The next 30km was rather boring as it incorporated a section of dual carriageway and was frustratingly slightly uphill with a solid head wind. I managed to join a couple of fast moving chain gangs and had enough energy to do my fare share of pulling at the front and occasionally surge to the next one.
This section took me just under an hour. I was going well.
Col de Joux Plane (Hors Categorie: 11.6km at average 8.5%)
The final climb started so well. I stopped briefly at the rest stop at the bottom of the climb to refill my water bottles and whilst there bumped into a mate who had started the race about 45 minutes ahead of me. I felt strong and that I was going ok but this chance encounter provided further validation that this was definitely an improved Etape performance. Thanks DG! Buoyed by this additional confidence I hit the climb woop wooping and high fiving the quite large crowd that had gathered in the town of Samoens.
But…said confidence only lasted a couple of kilometers until the infamous Col de Joux Plane started to bite…..hard! This climb is just relentless. There is nowhere to hide from either the gradient or the early afternoon heat. No wonder it broke a juiced up Lance Armstrong in the 2000 Tour de France where he later described it as “the hardest day of my life – on a bike”.
The fact that one of the lads who started the race after me literally flew past with all the seeming ease in the world with a cheeky “…..going good Mark” didn’t bloody well help.
Anyway, long story short it took me just under 2 hours to complete the 11.6km climb.

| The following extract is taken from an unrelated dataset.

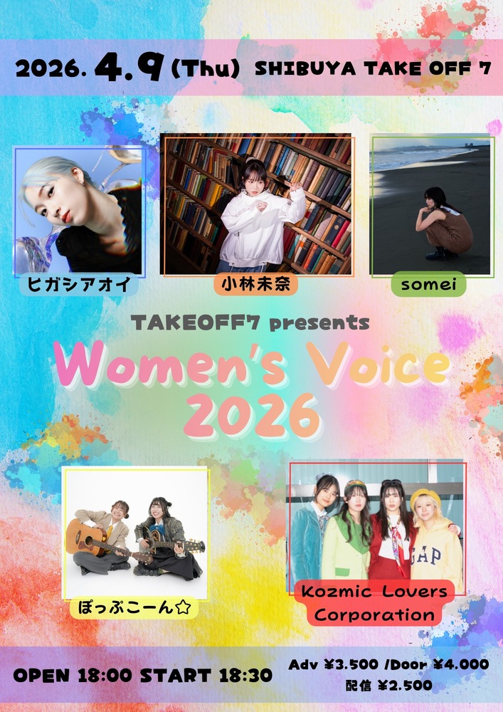 TAKE OFF 7 presents Women’s Voice 2026 SCHEDULE 2026/04/09(木) 18:00 - SHIBUYA TAKE OFF 7 地図を表示 OPEN 18:30/START 18:30 ぽっぷこーん☆は19:10〜 🎫 前売¥3,500円/当日¥4,000(各+1D)/ 配信¥2,500 https://premier.twitcasting.tv/shibuyatakeoff7/shopcart/423303 ご予約はこちらから✨ URLをコピーする 報告する

I wouldnt say I bonked, I just couldnt get in a rythmn and the heat really took its toll. I ended up stopping 4 times just to cool down and get some liquids on board.
The descent down the Joux Plane was a lot of fun if not a little comical. Cresting the summit I was knocking back some water when I started to build up speed and was unable to coordinante myself enough to safely reinsert the water bottle in its cage so I spent a couple of kilometers flying down the mountain with a water bottle hanging out of my mouth….quite a scene! I actually had to stop to sort myself out adding valuable seconds to my time 😉 before cruising into the finishing Village of Morzine.
But did I set an official time?!
Despite blowing up on the Col de Joux Plane and loosing a shedload of time I was still happy with my “official” time of 6 hours 49 minutes…..4th time lucky!
But it was not all about me. Out of the 11 of our crew that started, 9 finished and 10 are pictured in the sensational snap below. An amazing effort, particularly for a couple of gents that up until recently had never even considered participating in such an event. Chapeau!!